## Your instructions
Once you find the line with "Попрощались с Киото" in the data below, transcribe exactly each line from there to the line with "子どもの楽園の遊びの施設をい", inclusive, and nothing else. Drop the pictures.

[Items from a dataset]
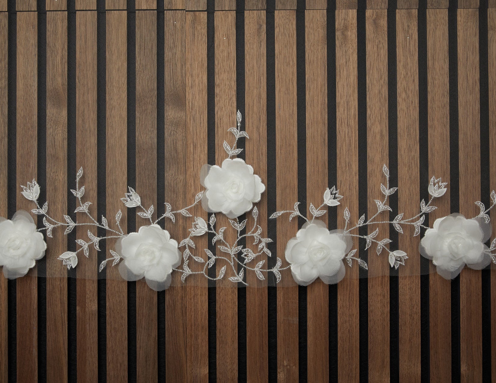 3D Flower veil with beaded leaves. Design starts 42” down. Metal comb
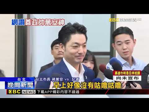 台北市長蔣萬安vs.記者:「持續掌握整個颱風的動態,密切關注它的影響,(早上好像沒有咕嚕咕嚕,那是不是有被網友稱讚一下),謝謝。」
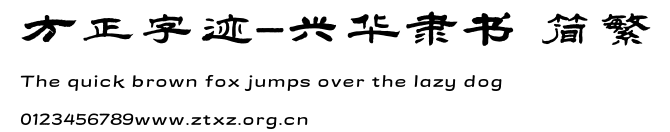 方正字迹-兴华隶书 简繁.ttf是由字体厂商(设计师)方正出品的一款字体.方正字库隶属于北京北大方正电子有限公司(简称方正电子)。方正电子是专业从事中文字库开发的厂商,现拥有各种中、西文以及多民族文种字库数百款。作为享誉全球的方正中文电子出版系统的重要组成部分,方正字库一向以字款丰富,品质精良,适用面广,能迅速满足客户需求而在专业出版、印刷领域中享有盛誉。方正电子一向以推动中文字库技术进步,促进中文印刷字体的发展为己任,每年推出的创新字体都在十款以上。同时,方正电子还积极参与中国国家标准和国际ISO组织相关标准的制订,如GBK、GB18030、ISO/IEC-10646等。方正字库字款丰富、字形美观、性能稳定、适应面广,运行速度快,且存贮容量小。全面支持GB、GBK、GB18030、BIG-5以及JIS、KSC等编码体系,可以提供TrueType,PostScript Type1、Type0、CID等各种通用格式字库。方正字库官网http://www.foundertype.com/index.php/FindFont/index.html?utm_source=zitixiazai
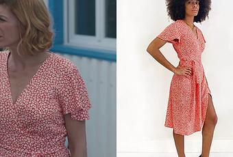 Sandrine (Juliette Tresanini) a choisi une robe très estivale, fond rouge fleurs blanches, et ne portefeuille pour annoncer son départ de Sète., dans Demain nous appartient 997. On trouve cette robe ici
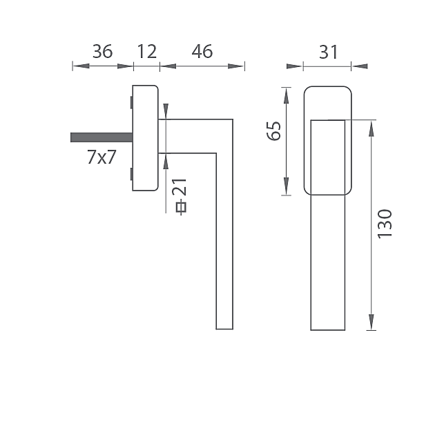 Euro okenski ročaj s kvadratno rozeto je izdelan iz visokokakovostnih materialov - zamaka in je površinsko obdelan. Rozeta ima dimenzije 31 mm x 65 mm in debelino 11 mm.
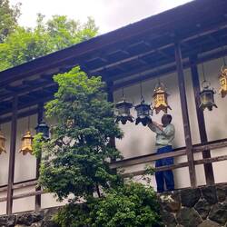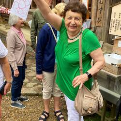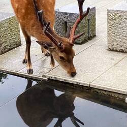 Попрощались с Киото и направились в Нару, которая тоже была когда-то столицей Японии. Сотни оленей свободно бродят повсюду и ластятся к людям. Здесь в огромном буддийском храме 8 века расположилась одна из самых больших в мире деревянная статуя Будды. Вокруг тоже много всего интересного. Туда же привели школьников и даже совсем маленьких. В одной из колонн внизу было сквозное отверстие, и дети один за другим пролезали сквозь него к восторгу публики. У входа Будда небольшой, до которого все дотрагивались, и он дарил здоровье. Далее было синтоистское святилище с тысячами каменных и сотнями металлических ламп и множеством красных ворот в разных направлениях. Я купила предсказание, которое надо было полоскать в бассейне, чтобы проявились слова. Гид перевела, что мне дается второй шанс на счастье, меня ждут успехи в учебе, но встретятся некоторые препятствия. Это был аттракцион!
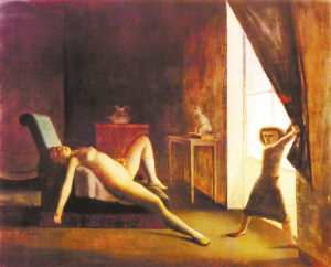 巴尔蒂斯(1908-2001)出生于法国巴黎的一个波兰贵族家庭,他在英国和瑞士度过青年时代。巴尔蒂斯虽然没有接受过正规的美术教育,但是他自幼就对艺术产生了浓厚兴趣,传统的古典主义绘画对他产生了深刻的影响。巴尔蒂斯依靠自学掌握绘画技法,先后受到博纳尔和库尔贝的影响。他从古代大师的作品中选择题材,将它们转换到现实生活中。巴尔蒂斯的绘画讲究柔和的色彩、细腻的笔触和精确的轮廓。巴尔蒂斯不属于任何艺术流派,造型基本属于现实主义范畴,情调颇具浪漫主义色彩,画面表现上呈现出超现实主义的某些印记。
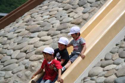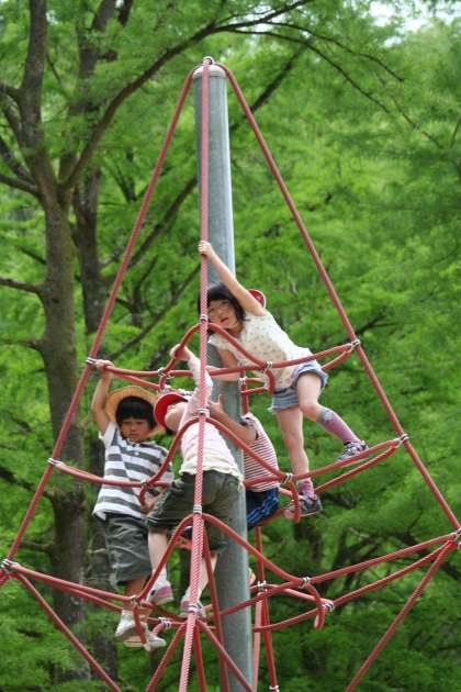 子どもの楽園の遊びの施設をいっぱい使ってたくさん遊びました。汗をいっぱいかき,のどがからからになりました。
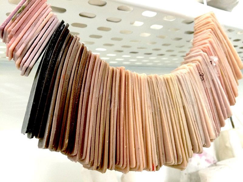 精打细磨是制作仿真假肢必不可少的过程,在Sophie工作室的墙壁上悬挂着这样一串类似皮肤组织的东西,她称之为色板,为了使假肢的皮肤的颜色尽可能与顾客原本肤色相匹配,她要从这94种肤色样板中选出与之最为接近的,通过混合,制作出最符合顾客真实条件的皮肤状态。

## Expected answer
 Попрощались с Киото и направились в Нару, которая тоже была когда-то столицей Японии. Сотни оленей свободно бродят повсюду и ластятся к людям. Здесь в огромном буддийском храме 8 века расположилась одна из самых больших в мире деревянная статуя Будды. Вокруг тоже много всего интересного. Туда же привели школьников и даже совсем маленьких. В одной из колонн внизу было сквозное отверстие, и дети один за другим пролезали сквозь него к восторгу публики. У входа Будда небольшой, до которого все дотрагивались, и он дарил здоровье. Далее было синтоистское святилище с тысячами каменных и сотнями металлических ламп и множеством красных ворот в разных направлениях. Я купила предсказание, которое надо было полоскать в бассейне, чтобы проявились слова. Гид перевела, что мне дается второй шанс на счастье, меня ждут успехи в учебе, но встретятся некоторые препятствия. Это был аттракцион!
 巴尔蒂斯(1908-2001)出生于法国巴黎的一个波兰贵族家庭,他在英国和瑞士度过青年时代。巴尔蒂斯虽然没有接受过正规的美术教育,但是他自幼就对艺术产生了浓厚兴趣,传统的古典主义绘画对他产生了深刻的影响。巴尔蒂斯依靠自学掌握绘画技法,先后受到博纳尔和库尔贝的影响。他从古代大师的作品中选择题材,将它们转换到现实生活中。巴尔蒂斯的绘画讲究柔和的色彩、细腻的笔触和精确的轮廓。巴尔蒂斯不属于任何艺术流派,造型基本属于现实主义范畴,情调颇具浪漫主义色彩,画面表现上呈现出超现实主义的某些印记。
 子どもの楽園の遊びの施設をいっぱい使ってたくさん遊びました。汗をいっぱいかき,のどがからからになりました。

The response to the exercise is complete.